Is it time to change the way you sell?
The dynamics of the seller/buyer relationship are shifting so dramatically that something has to change in the way we build our businesses. If you think about it for just a few moments, you will have to admit that you’ve noticed the change.
So what’s changed?
It started with the banking crisis; so many long established trusted pillars of the establishment dashing our faith in financial organisations that were and are still (in some cases) household names. Millions of people all over the world affected not just financially but in a way that caused them to question the trust they had in the institutions that they had been loyal customers of, sometimes for a lifetime. The hurt was deep and still is, we felt let down; betrayed by people who seemed to have no principles, no values other than to look after themselves, whatever the cost.
Gary Hamel, ranked the world’s most influential business thinker by Fortune Magazine said in a recent BBC interview that the crisis had brought the whole capitalist system into question.
That hurt and fallout is still being played out in our newspapers day by day – and now we have the news organisation, that campaigned with such pomposity against the people and institutions involved, in the news themselves. They seem to have now betrayed a trust by taking the tactics used against celebrities who might have been seen as ‘fair game’ to ordinary people who found themselves in extraordinary and often painful situations. “Is there any level they won’t stoop to for an edge in a story’ one relative of an alleged ‘hacked’ victim said on the BBC at the height of the reporting.

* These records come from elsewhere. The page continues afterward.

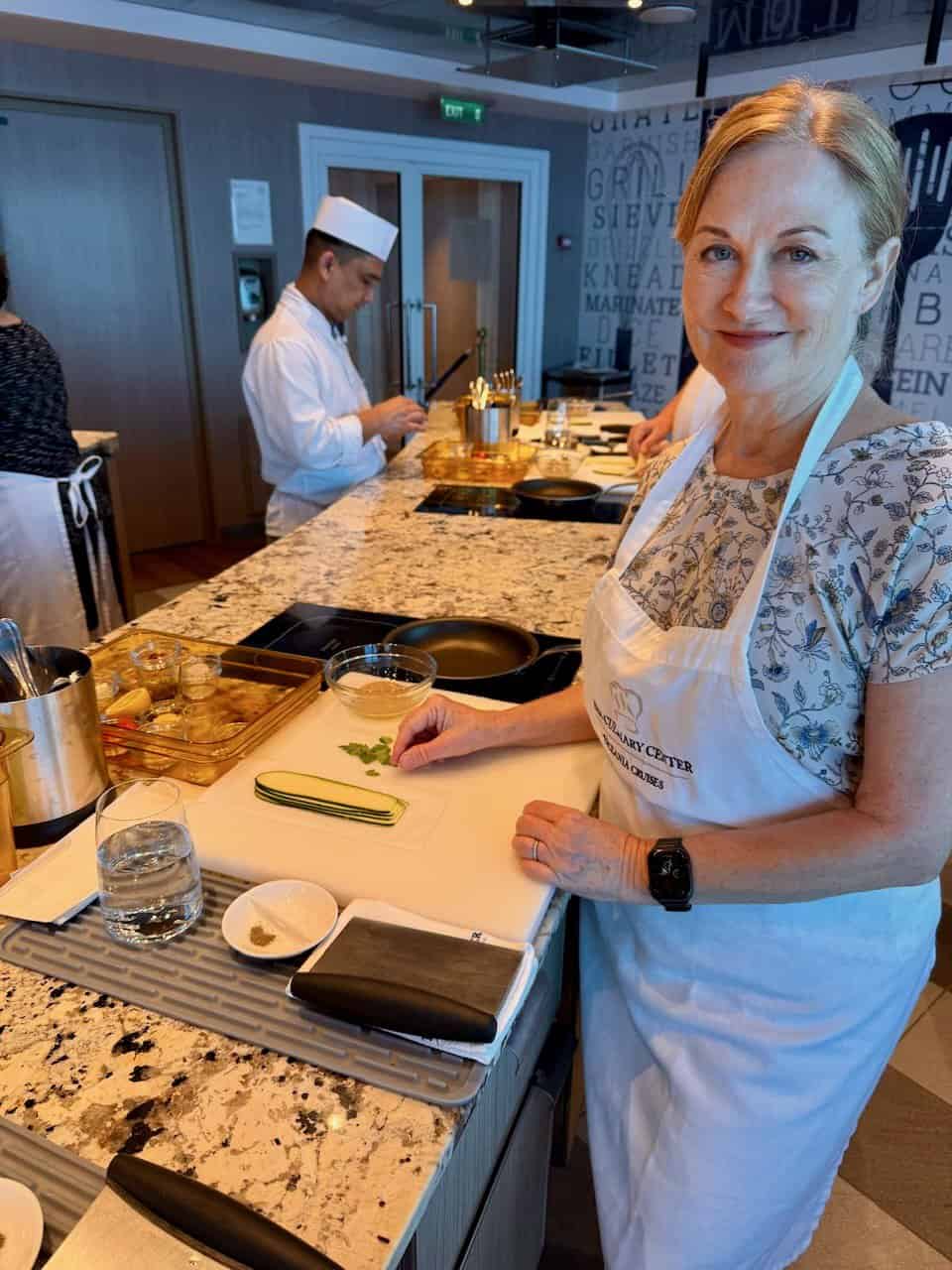 We did a plant-based cooking class onboard at The Culinary Center. On the menu: Zucchini with Walnut Paste; Socca (a bread made of chickpeas from Nice, France) with salad; a pasta with capers, garlic, and grilled cauliflower; and chia seed pudding. It was all super good – and paired with wine.
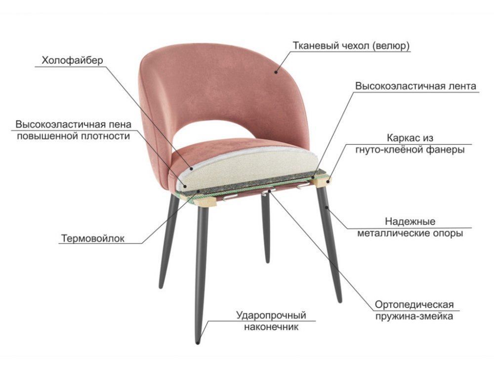 Анатомически правильная спинка и сидение с пружинящим эффектом очень комфортно при посадке. Приятный на ощупь велюр, стильный кант по периметру стула, подчеркивают плавные формы стула.
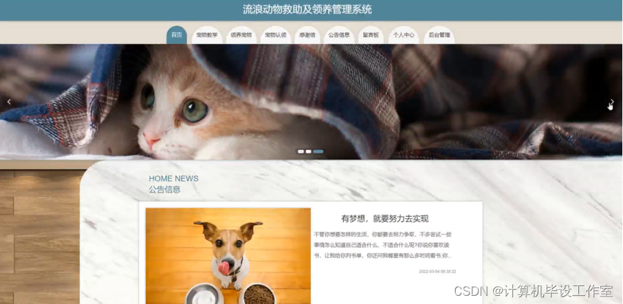 流浪动物救助及领养管理系统,用户进入前台网站查看首页、宠物教学、领养宠物、宠物认领、感谢信、公告信息、留言板、个人中心、后台管理等内容进行操作,如图4-1所示。
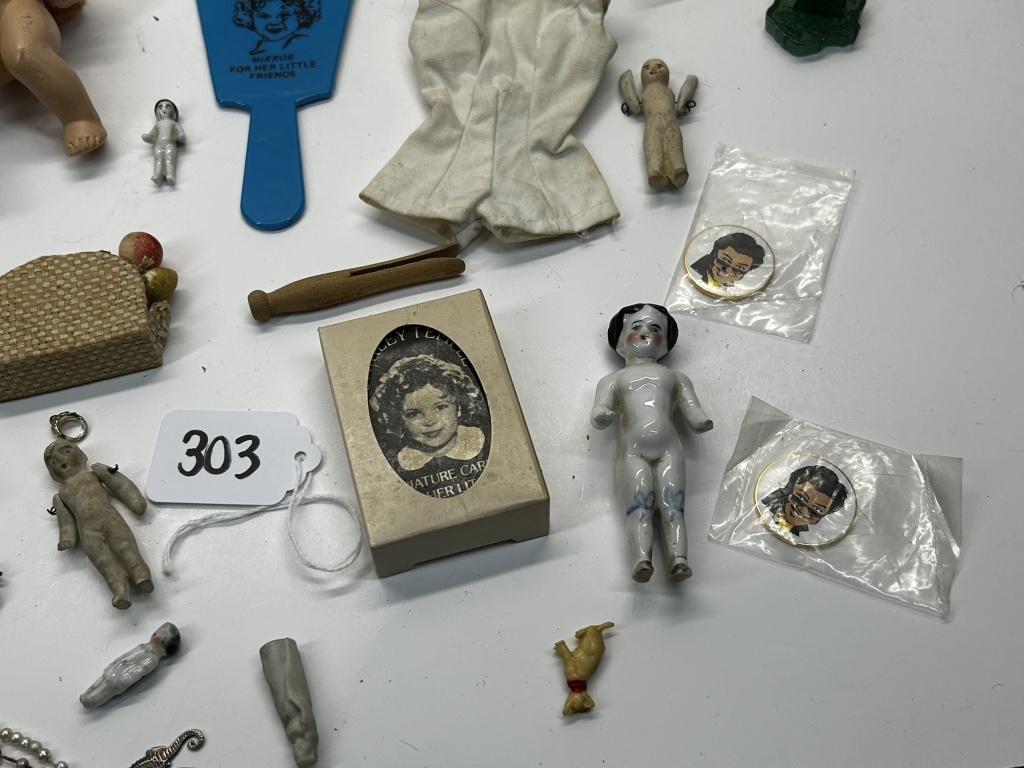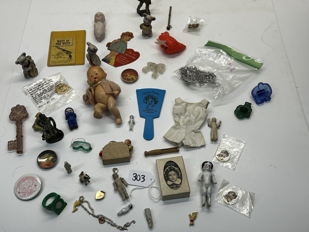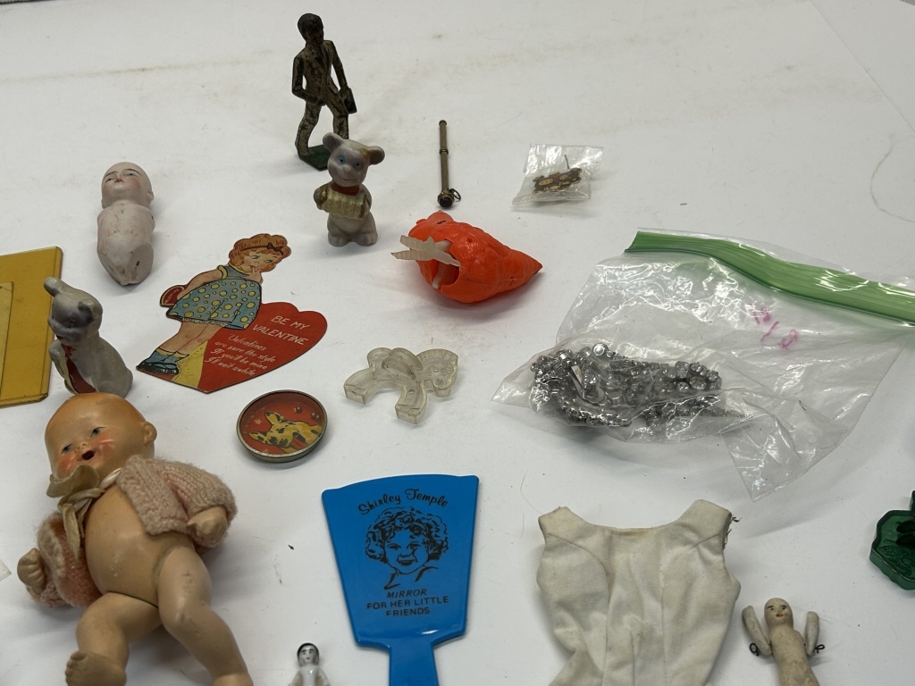 VINTAGE VALENTINE, MIRROR, SMALL FIGURINES, ADVERTISING PIECES, MORE

Even more recently and following the UK ‘riots’ one senior police officer refered to what he called a new definition of guilt - ’only admit it if you are caught’ which pervades the higheset levels of govenment and business. What about not doing ‘it’ in the first place he asked.
It seems you can’t trust anyone to be straight anymore.
Sure, we’ve all learned through the hard knocks of life to have a healthy dose of cynicism but now it seems many people almost expect to be misled, expect everyone to try to get one over on them.
Why should this affect our businesses, why do we need to be aware?
Because for those of us who have to sell a service or a product there was already plenty of suspicion that people who ‘sell’ things might just say or do anything to get a sale. In fact, in an on line forum I took part in a few days ago, one sales director said:
“The job of my sales people is to make my company look good, to put a gloss on things and win business”.
It’s a view held by too many people who sell; and worse, it’s a view held by people who buy – even when the seller has the best of intentions. ‘Sales people’ just aren’t trusted.
The top earners do things differently.
I’ve worked with some of the best sales people in the world, some of the top earners. These people aren’t called salespeople; they are most often described as ‘professionals’ – skilled technical people who would hate to be thought of as sales people but never the less have to, and do win business: lots of it.
The top earners I work with don’t ‘sell’ in the stereotypical way. They have an approach to winning business that propels them to trusted advisor status. They never, ever put a gloss on things or do anything underhand. Their attitude flies in the face of everything some people think ‘sales’ is all about.
Successful sales people today take a principled approach.
I’d like to make principled selling something that you do too.
This blog is dedicated to what is now my mission – to demonstrate how a principled approach to selling can help build better, more profitable businesses in a way that both seller and buyer will always find comfortable.
Is it time to change to change the way you sell?